Item One: It seemed like we had to expend a great deal more energy on the logistics of getting to and from the ship on this trip than in the past. This could be due to increasing old age, but I prefer to believe it is due to the 9/11 flying environment, the increasing size of the ships and the number of ships that are now arriving and departing on the same days. This is a problem most of the cruise lines recognize, hence the number of new departure ports that are cropping up. In the meanwhile, I'll try to drive to the next cruise, and I can't imagine flying to a cruise for anything shorter than a 7-day cruise.

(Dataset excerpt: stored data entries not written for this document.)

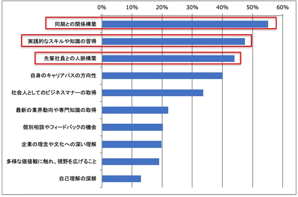 「同期との関係構築」が55%で最多。実践的スキル習得を上回る結果に。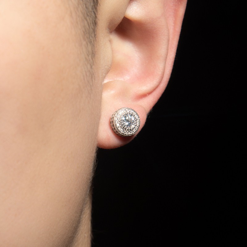 ICEGANG sterling silver 925 full diamond ear needle Europe and the United States hip-hop Hiphop zircon trend rap street all-match jewelry
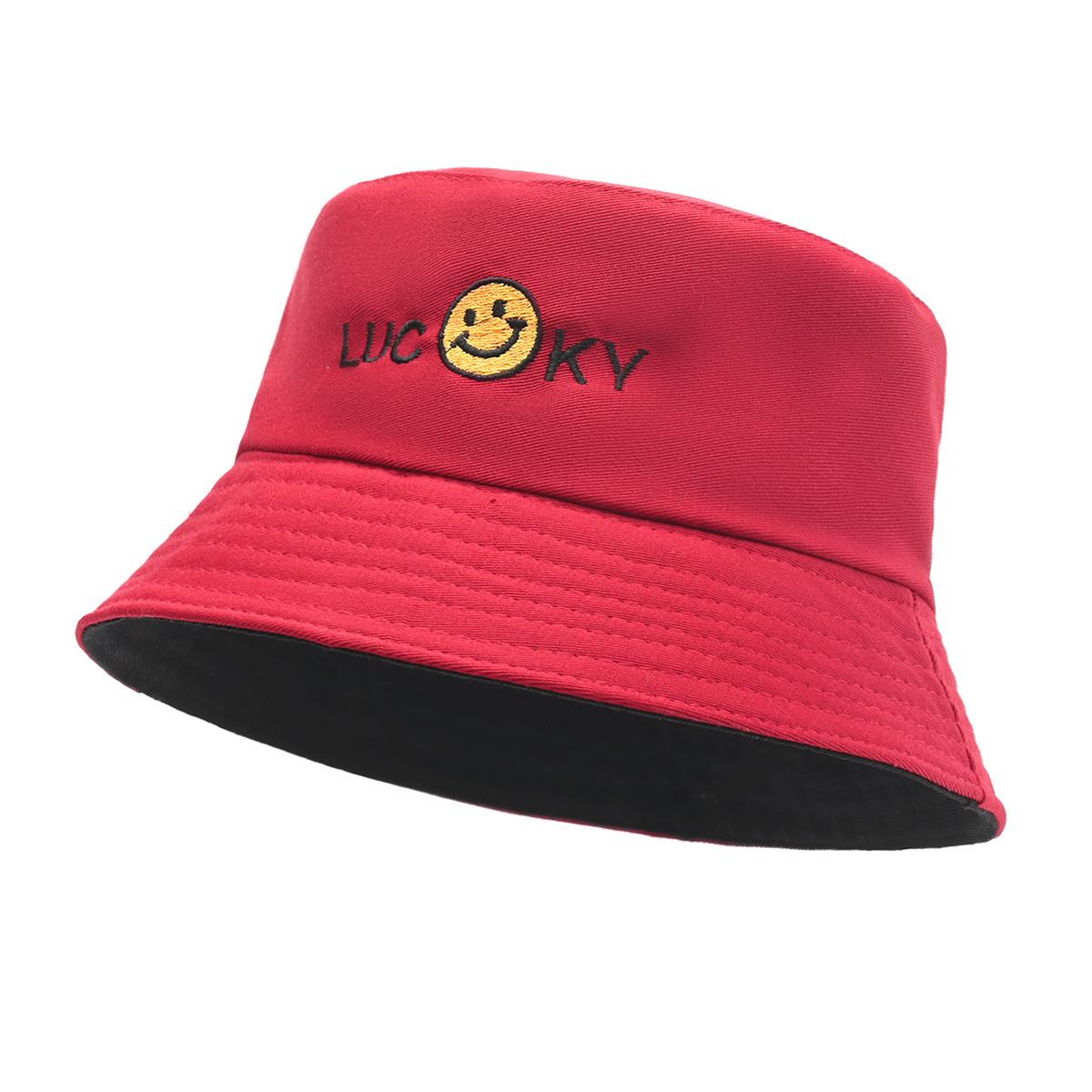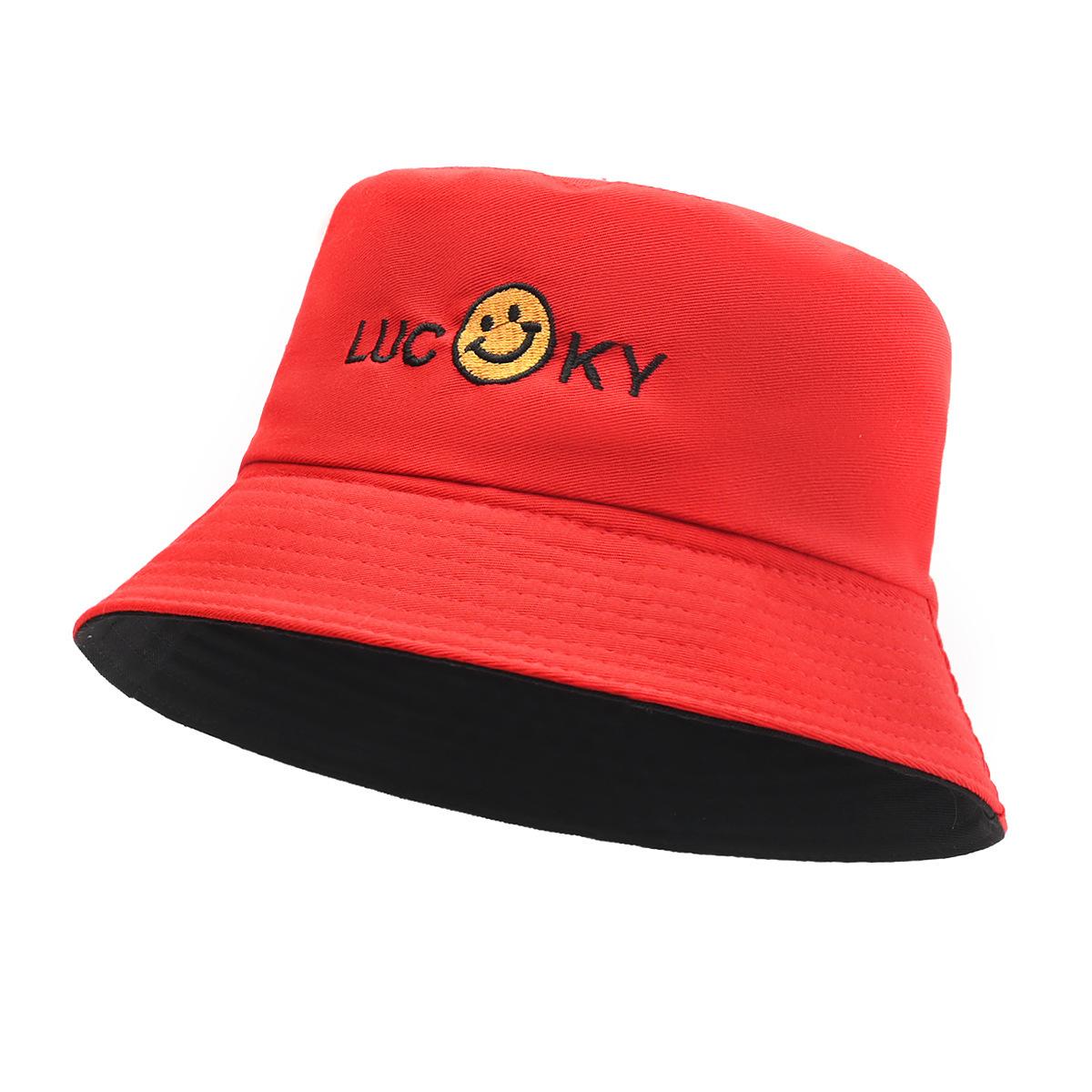Sombrero de pescador de doble cara transfronterizo Primavera y verano para hombre y mujer Japonés Bordado Cara sonriente Protector solar Sombrilla Sombrero de cubo Sombrero para el sol para exteriores Marea

Item Two: Two years ago this month, we sailed on HAL's Volendam. In my review of that cruise, I made the comment that HAL was bucking the trend of onboard nickel- and -diming. Alas, I cannot say that anymore. HAL still had some nice extras such as fresh flowers, hot hors-deouvres before dinner and canvas tote bags, but increasingly they are joining the masses with onboard extras. Espresso coffee is now an extra expense, and there is a service fee to charge casino chips to your room account. Beyond that, there was an entire room, the hydrotherapy pool (a glorified hot tub), that charged $15 a day for access. I used to get upset about what I perceived to be an erosion of cruise ship traditions, but I have been reevaluating my position lately. Let's face it, the cruise lines have to make money, and with all the capacity that has been added to the industry lately, the low up front pricing and high onboard charges has been the formula that (apparently) has been working. Besides, prices for cruises have never been better! I paid about the same fare for this cruise, with a verandah cabin, as I did for an obstructed-view cabin on a western Caribbean cruise 6 years ago! On the other hand, I find the onboard charges annoying and a detriment to the overall cruise experience. I'd rather pay more upfront and less on board. And that seems to be the way the industry is evolving - the Carnival and Princess concepts against the Crystal and Silversea. It seems as if HAL is struggling to decide whether it is going to be a true premium product, with higher up front fares and more amenities, or is it going to join the fight with the masses to "get 'em onboard and then earn the money."
This was a good, relaxing cruise on a nice ship. I would not hesitate to recommend HAL or Zuideram, but I would suggest booking a week other than President's weekend, and I'd try to find a cruise that I could drive to rather than fly. Finally, I like Holland America and hope they choose to stay in the premium category rather than dropping into the realm of the ordinary.